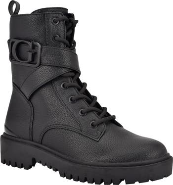 A signature logo buckle marks the shaft of this sturdy combat-style boot lifted on a lugged sole and finished with a side-zip entry.
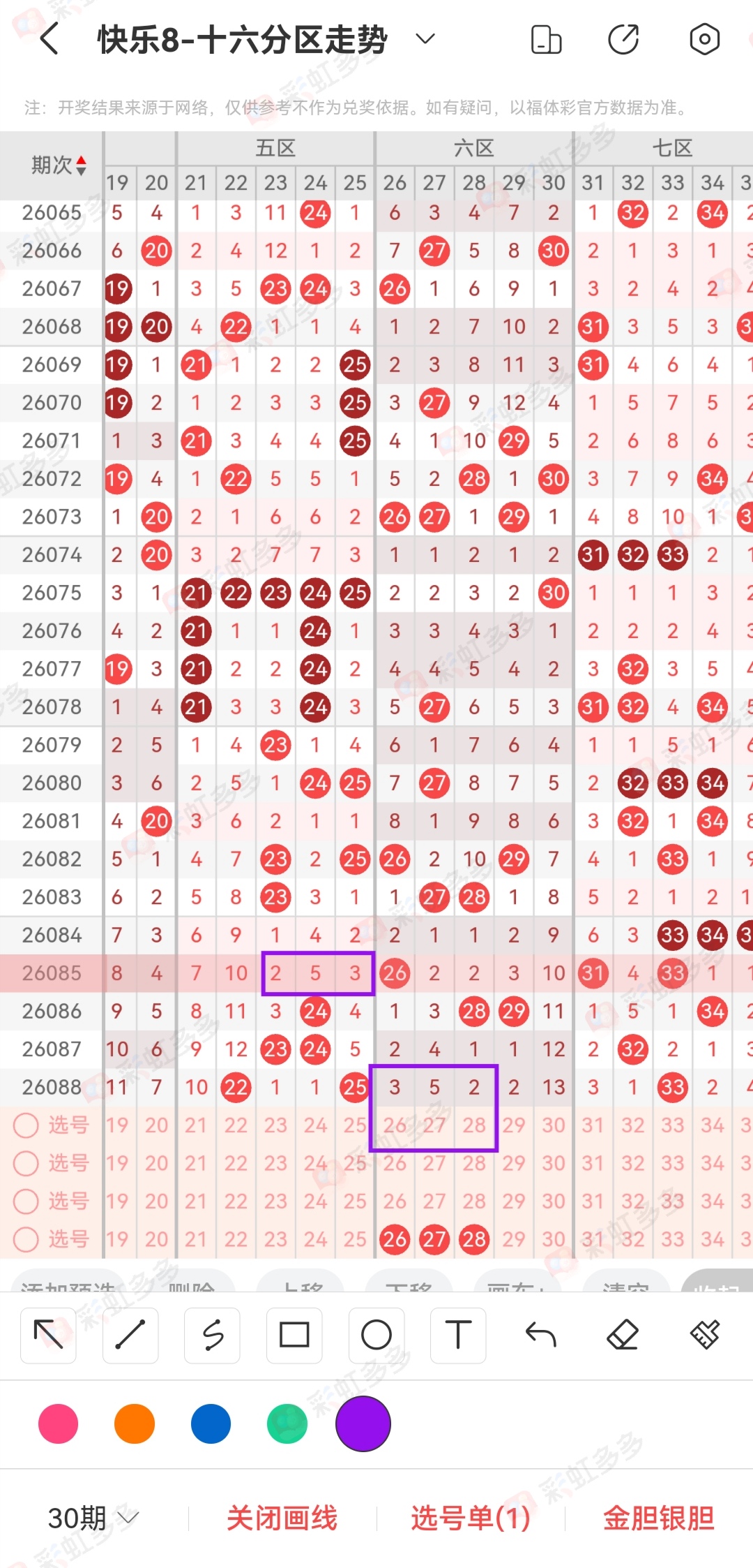 我不知道这里的数据大方向在哪里,比较简单的就是在1头2头顺位,昨天的12 25通过遗漏235期并没有全出来,这里有一个明显的特征,就是新的遗漏235期不给。这样子理解今天的235期可以放弃。这些都是比较单挑的点位。
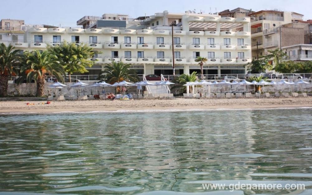 Das Hotel ist brandneu, aus den besten Materialien gebaut, in einer schönen und angenehmen Umgebung, mit einem installierten Sicherheitssystem, drahtlosem Internet und Annehmlichkeiten für Menschen mit besonderen Bedürfnissen in den öffentlichen Bereichen. Es verfügt über 57 geräumige Zimmer, die ergonomisch eingerichtet und mit modernen Holzmöbeln aus echter Eiche in Kombination mit feinen italienischen Materialien in den Farben des Meeres (Blau und Grau) eingerichtet sind. Jedes Zimmer ist mit einer Wischkarte ausgestattet, die die Bewegung der Gäste überwacht, während sie sich in den Zimmern aufhalten. Alle Zimmer verfügen über separate Heizung, Schallisolierung, Hitzebeständigkeit, gepanzerte Türen, alle modernen Annehmlichkeiten eines 4-Sterne-Hotels und eine geräumige Veranda mit Blick auf das Meer und den Olymp. Die Badezimmer sind mit Hygieneprodukten wie Carron und Gsi ausgestattet, während die Zahnpasten von der italienischen Marke La Torre stammen. Balkone, Veranden und Treppen sind aus weichem, rostfreiem Metall, das ein raffiniertes, schlichtes Design hat. In den öffentlichen Bereichen befinden sich: Rezeption, Lobby, Restaurant, Café-Bar, ein als Konferenzraum genutzter Raum mit einer Kapazität von 100 Personen, zwei Aufzüge und eine Tiefgarage.
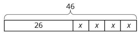 46 = 26 + 4x
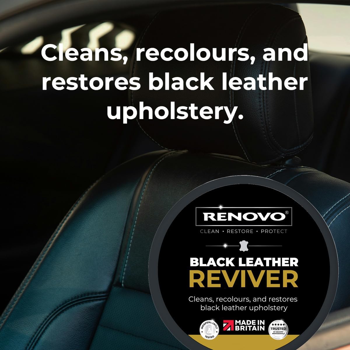 Not only does old, tired, and faded leather ruin overall the look of your car, it negatively affects it's re-sale value too; while well maintained leather upholstery is a significant plus.Cleaning, and reviving the colour of black leather upholstery can do a lot to improve the overall look of your car's interior, and Renovo's Leather Reviver is perfect for the job.Renovo's new, unique and marvellous formulation not only cleans and re-colours black leather seats, it also protects with advanced anti-bacterial guard, is effective against super-bugs, and contains a UV inhibitor too.Renovo Leather Reviver is simple to apply, gives unbelievable results, and infuses your car with that new leather scent!

━━━━━━━━

**Assigned task**
Write the listing out exactly, word for word, but omit the pictures.

**Reply**
 A signature logo buckle marks the shaft of this sturdy combat-style boot lifted on a lugged sole and finished with a side-zip entry.
 我不知道这里的数据大方向在哪里,比较简单的就是在1头2头顺位,昨天的12 25通过遗漏235期并没有全出来,这里有一个明显的特征,就是新的遗漏235期不给。这样子理解今天的235期可以放弃。这些都是比较单挑的点位。
 Das Hotel ist brandneu, aus den besten Materialien gebaut, in einer schönen und angenehmen Umgebung, mit einem installierten Sicherheitssystem, drahtlosem Internet und Annehmlichkeiten für Menschen mit besonderen Bedürfnissen in den öffentlichen Bereichen. Es verfügt über 57 geräumige Zimmer, die ergonomisch eingerichtet und mit modernen Holzmöbeln aus echter Eiche in Kombination mit feinen italienischen Materialien in den Farben des Meeres (Blau und Grau) eingerichtet sind. Jedes Zimmer ist mit einer Wischkarte ausgestattet, die die Bewegung der Gäste überwacht, während sie sich in den Zimmern aufhalten. Alle Zimmer verfügen über separate Heizung, Schallisolierung, Hitzebeständigkeit, gepanzerte Türen, alle modernen Annehmlichkeiten eines 4-Sterne-Hotels und eine geräumige Veranda mit Blick auf das Meer und den Olymp. Die Badezimmer sind mit Hygieneprodukten wie Carron und Gsi ausgestattet, während die Zahnpasten von der italienischen Marke La Torre stammen. Balkone, Veranden und Treppen sind aus weichem, rostfreiem Metall, das ein raffiniertes, schlichtes Design hat. In den öffentlichen Bereichen befinden sich: Rezeption, Lobby, Restaurant, Café-Bar, ein als Konferenzraum genutzter Raum mit einer Kapazität von 100 Personen, zwei Aufzüge und eine Tiefgarage.
 46 = 26 + 4x
 Not only does old, tired, and faded leather ruin overall the look of your car, it negatively affects it's re-sale value too; while well maintained leather upholstery is a significant plus.Cleaning, and reviving the colour of black leather upholstery can do a lot to improve the overall look of your car's interior, and Renovo's Leather Reviver is perfect for the job.Renovo's new, unique and marvellous formulation not only cleans and re-colours black leather seats, it also protects with advanced anti-bacterial guard, is effective against super-bugs, and contains a UV inhibitor too.Renovo Leather Reviver is simple to apply, gives unbelievable results, and infuses your car with that new leather scent!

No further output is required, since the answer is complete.